We model the system of data sets (Fig 1b) through data fusion by collective matrix factorization [23] (see also the tutorial provided in the S1 Text). Matrix factorization compresses the data matrices to a latent space and infers recipes to convert the latent representation back to the original data domain. Each data matrix is decomposed into a product of three low-dimensional latent matrices (S1 Fig): a “backbone matrix” encodes the relations between the latent components, and two “recipe matrices” transform the backbone matrix to the original space of the object types (Fig 1a). Data sets that are directly related and share a node in the fusion graph report on a common object type and hence use a common recipe matrix in their decomposition. Importantly, decomposition of any data set in the system depends on all other data sets according to a design of the fusion graph (Fig 1c). Sharing of recipe matrices ensures data fusion and allows Collage to incorporate knowledge about the relations between data sets.
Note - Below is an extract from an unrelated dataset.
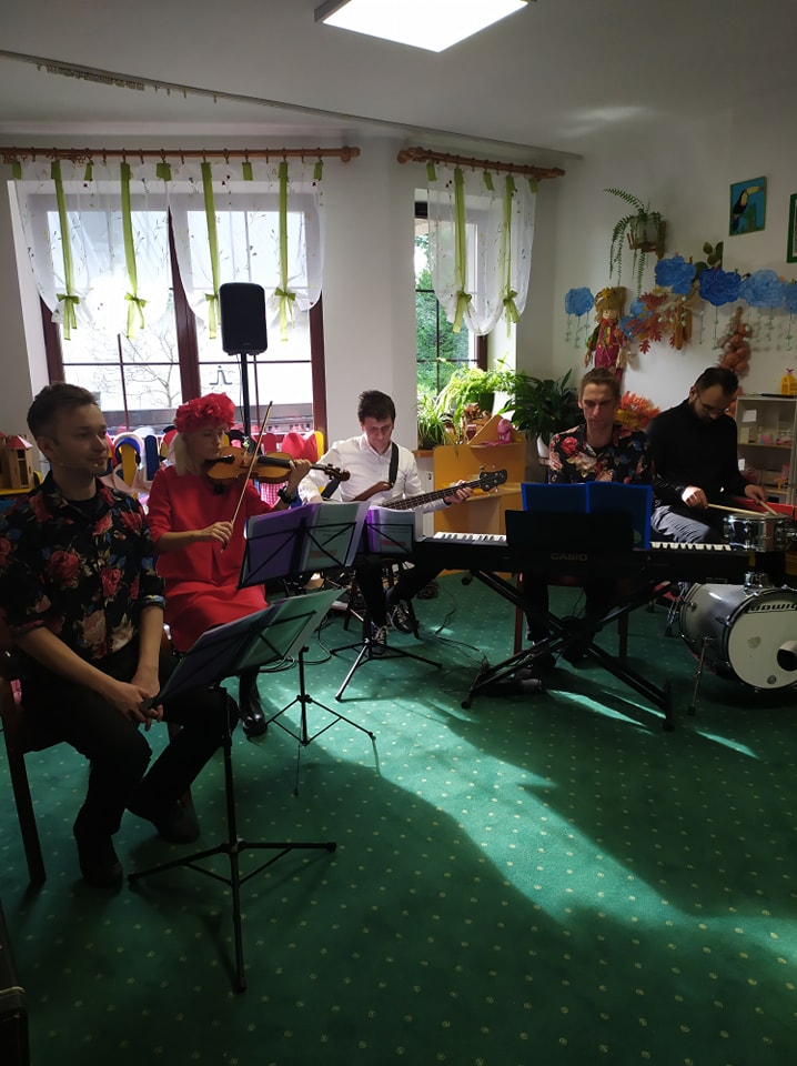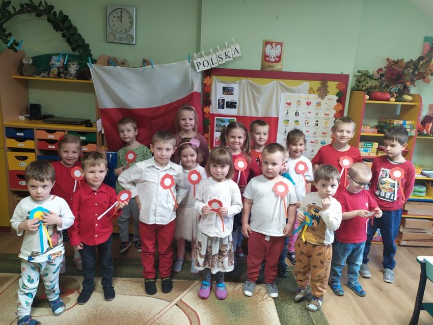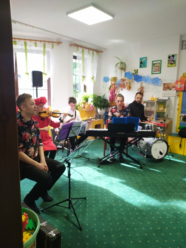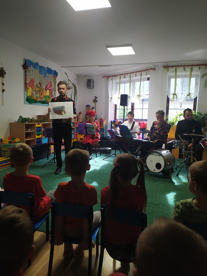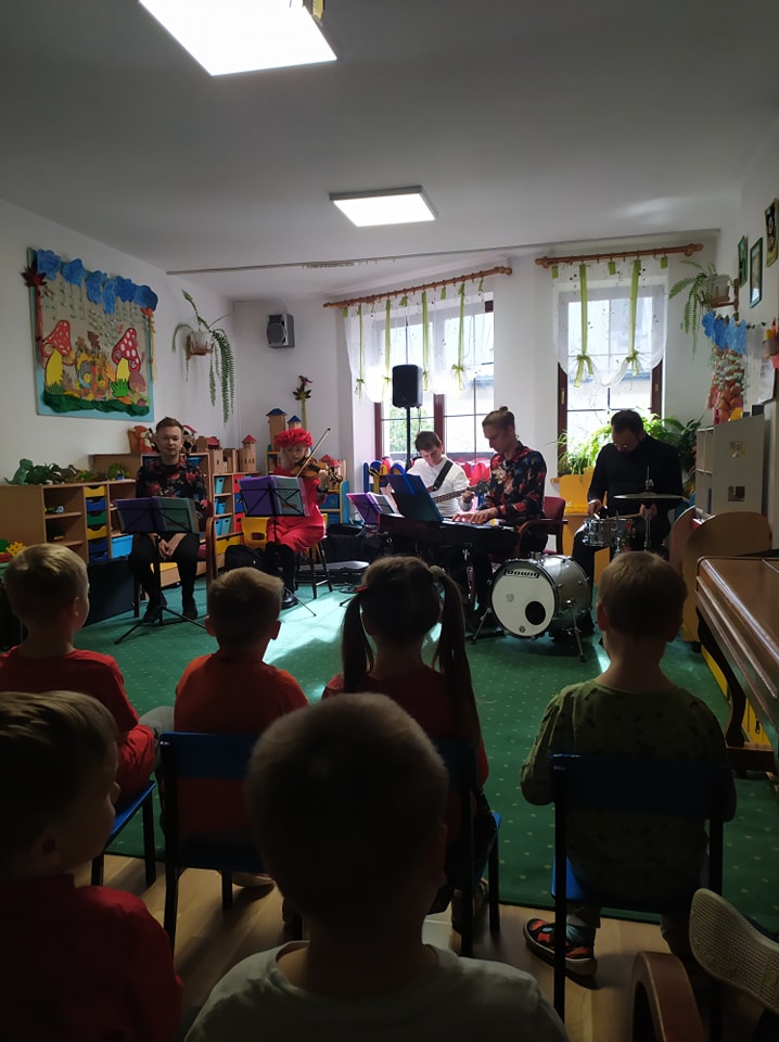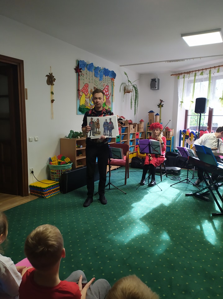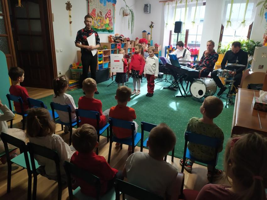 9.11. gościliśmy u nas muzyków z Mobilnej Filharmonii. Wspólnie wykonaliśmy kilka utworów patriotycznych i przypomnieliśmy sobie niektóre fakty historyczne związane z naszym narodowym Świętem Odzyskania Niepodległości. Podczas przygotowań do 11.11. odśpiewaliśmy również hymn Polski, a także wywiesiliśmy naszą flagę na budynku Przedszkola.

Chaining of latent matrices

Collage profiles objects in the latent space of any other object type based on the connectivity in the data fusion graph. In the simplest scenario, where object types are adjacent, such as A and D in Fig 1c, Collage profiles objects of type A in the latent space of D by multiplying the recipe matrix of A by the backbone matrix A-D. The resulting profile matrix has objects of type A in rows and the latent components of type D in columns. The advantage of Collage over other gene prioritization tools is its ability to profile objects whose types are not direct neighbors in the fusion graph, such as A and C in Fig 1c. To profile objects of A in the latent space of C Collage starts with the recipe matrix of A and multiplies it by backbone matrices A-D, D-F and F-C on the path from A to C (Fig 1d). If A represented genes, D literature, F literature annotations and C chemical compounds, this procedure would yield profiles of genes in the latent space of chemical compounds. We refer to this technique as latent matrix chaining. It constructs dense profiles that include the most informative features obtained by collectively compressing data via matrix factorization. Intuitively, chaining is able to establish links between genes and chemical compounds even though relationships between these object types are not available in input data in Fig 1b.

Gene prioritization

Collage prioritizes objects of the target object type (e.g., genes, node A in Fig 1) based on a small set of seed objects (previously characterized genes). For each target object, it constructs a set of profile matrices by considering all possible chains of latent matrices that start in the target node and end in any node that is reachable in data fusion graph (Fig 1e). A profile matrix corresponds to a particular latent matrix chain and encodes the latent space of the chain’s last node. Each profile matrix is used to estimate the similarity between any two targets (genes) by comparing their respective profiles. Collages estimates the overall similarity between a candidate gene and the seed genes by aggregating similarity scores of the candidate gene across all profile matrices (Fig 1f). As a final step, Collage ranks all the genes based on their overall similarity with the seed genes (Fig 1g).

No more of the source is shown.